We are currently running a replay with XRD_WRITERECOVERY=0

This is the PR disabling write recovery on the replay:
germanfgv#16

That's great news, thanks !

@germanfgv do you know against which storage endpoints this issue is happening? By default, write-recovery should be disabled at least at T0_CH_CERN_Disk and T2_CH_CERN, see:
https://gitlab.cern.ch/SITECONF/T0_CH_CERN/-/blob/master/JobConfig/site-local-config.xml#L14
https://gitlab.cern.ch/SITECONF/T2_CH_CERN/-/blob/master/JobConfig/site-local-config.xml?ref_type=heads#L16

however, we are missing it for T2_CH_CERN_P5 and T2_CH_CERN_HLT. It might be worth it reaching out to the SST to update those site-local-config files.

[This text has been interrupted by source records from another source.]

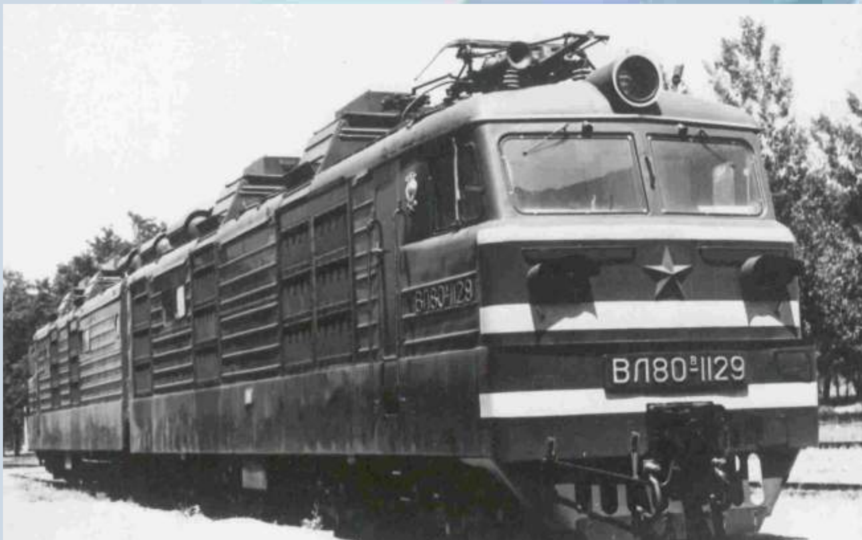
Электровоз серии ВЛ80 В (Владимир Ленин, тип 80), построенный в 1975 году.
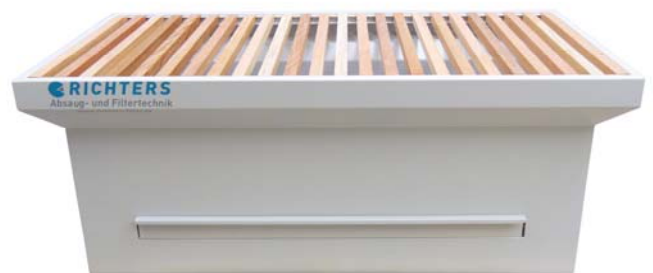
ATO ohne Rück- und Seitenwände Tischauflage aus Hartholz
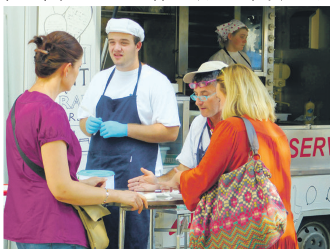
Posjetitelji su rado probali nešto novo
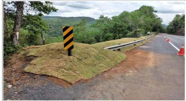
FASE 09 - PLANTIO DE GRAMA
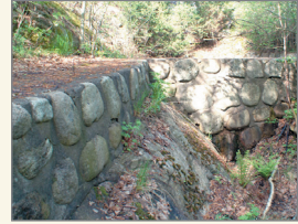
En av flera dammar.

Det finns flera dolda dammar i bergen runt Alaska. De förser trädgårdens fontäner och växter med vatten. Dammen på kartan är den som ligger närmast trädgården.

We are writing to T0 Disk, so it seems this is not working properly. I've checked the final xrdcp command and it does not include the proper env variable. This is an example of the cp command that we usually generate:

xrdcp --force --nopbar --cksum adler32:2d8dc345  "/srv/job/WMTaskSpace/cmsRun1/write_L1ScoutingSelection_L1SCOUT.root"  "root://eoscms.cern.ch//eos/cms/tier0/store/unmerged/data/Run2024F/L1ScoutingSelecti
on/L1SCOUT/v1/000/383/219/00000/16e6fec3-c3fa-422e-a474-f3f9724f4279.root?eos.app=cmst0" 

This is an example of the command in the running replay:

env XRD_WRITERECOVERY=0 xrdcp --force --nopbar  "/srv/job/WMTaskSpace/logArch1/logArchive.tar.gz"  "root://eoscms.cern.ch//eos/cms/tier0/store/unmerged/data/logs/prod/2024/8/29/PromptReco_Run382686_EGamma0_Tier0_REPLAY_2024_ID240829104828_v29104828/Reco/0000/0/a96807d0-7d81-4221-8229-9288d4e1a1d3-0-0-logArchive.tar.gz?eos.app=cmst0" 

@germanfgv @LinaresToine I wonder if you have any news on this issue? Has it resolved itself? Is this issue still happening?